The GAZEploit attack consists of two parts, said Zhan, one of the lead researchers. First, the researchers created a way to identify when someone wearing the Vision Pro is typing by analyzing the 3D avatars they share. To do this, they used recordings of 30 avatars as they completed various typing tasks to train a recurrent neural network, a type of deep learning model.
According to the researchers, when you type using Vision Pro, your eyes focus on the key you’re about to press, then quickly move on to the next key. “When we’re typing, there are some regular patterns in our gaze,” says Zhang.
Wang said this pattern occurs more often while typing than when wearing a headset while browsing a website or watching a video. “During tasks such as gaze tracking, you’ll be able to concentrate and blink less frequently,” Wang says. So looking at a QWERTY keyboard and navigating between characters is a much different behavior.
The second part of the study uses geometric calculations to figure out where someone places a keyboard and its size, Zhan explains. “The only requirement is that it can detect every subsequent keystroke as long as it can capture enough gaze information to accurately reconstruct the keyboard.”
By combining these two factors, we were able to predict the keys someone would type. A series of clinical tests revealed no knowledge of the victim’s typing habits, speed, or where the keyboard was placed. However, researchers found that with up to five guesses, messages could be typed with 92.1 percent accuracy, passwords with 77 percent accuracy, PINs with 73 percent accuracy, and emails and URLs with 86.1 percent accuracy. was able to predict the correct letter. , and web pages. (On your first guess, the letters are correct 35 to 59 percent of the time, depending on what information you’re looking for.) Duplicate letters or typos cause further problems .
“Knowing where someone is looking is very powerful,” says Alexandra Paputosaki, an associate professor of computer science at Pomona College who has studied eye tracking for years and reviewed GAZEploit’s research for WIRED.
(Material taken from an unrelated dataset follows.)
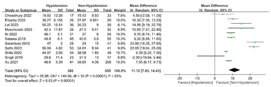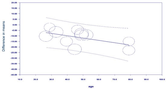 Eleven of the twelve studies [18,21,22,23,24,25,28,29,30,31,32] found that approximately 1/3 to 1/2 of their patients suffered from hypotension (range: 34–57.5%), while one report [33] reported a 13.71% incidence rate (Figure 3). Patients with spinal-induced hypotension had a significantly higher IVC collapsibility index than those without spinal-induced hypotension (mean difference: 11.12%, 95% CI: 7.83 to 14.41, p < 0.00001, I2 = 93%) (Figure 4). Meta-regression analysis showed a correlation between patient age and the IVC collapsibility index (coefficient: −0.21, p = 0.0385) (Figure 5).

Paputsaki said what makes this work stand out is that it relies solely on the video feed of someone’s persona, compared to a hacker actually manipulating someone’s headset and trying to access eye-tracking data. This, he said, makes it a more “realistic” space for attacks to occur. . “The fact that someone could potentially expose their actions just by streaming a persona is where the vulnerability becomes even more important,” Paputosaki says.
Although the attack was created in a laboratory setting and has not been used against anyone using the persona in the real world, researchers say there are ways hackers could exploit the data breach. say. They say that, at least in theory, criminals could share files with victims during Zoom calls, which could result in victims logging into things like Google or Microsoft accounts. An attacker could record the persona while the target is logged in and use attack methods to recover the password and access the account.
quick fix
GAZEploit researchers reported their findings to Apple in April and subsequently submitted proof-of-concept code to Apple so they could reproduce the attack. Apple fixed a flaw in its Vision Pro software update in late July that stopped sharing a persona if someone was using a virtual keyboard.
An Apple spokesperson confirmed that the company has fixed the vulnerability and said it was addressed in VisionOS 1.3. The company’s software update notes do not mention this fix, but the company’s security-specific notes provide more details. Researchers say Apple has assigned CVE-2024-40865 to this vulnerability and recommends downloading the latest software update.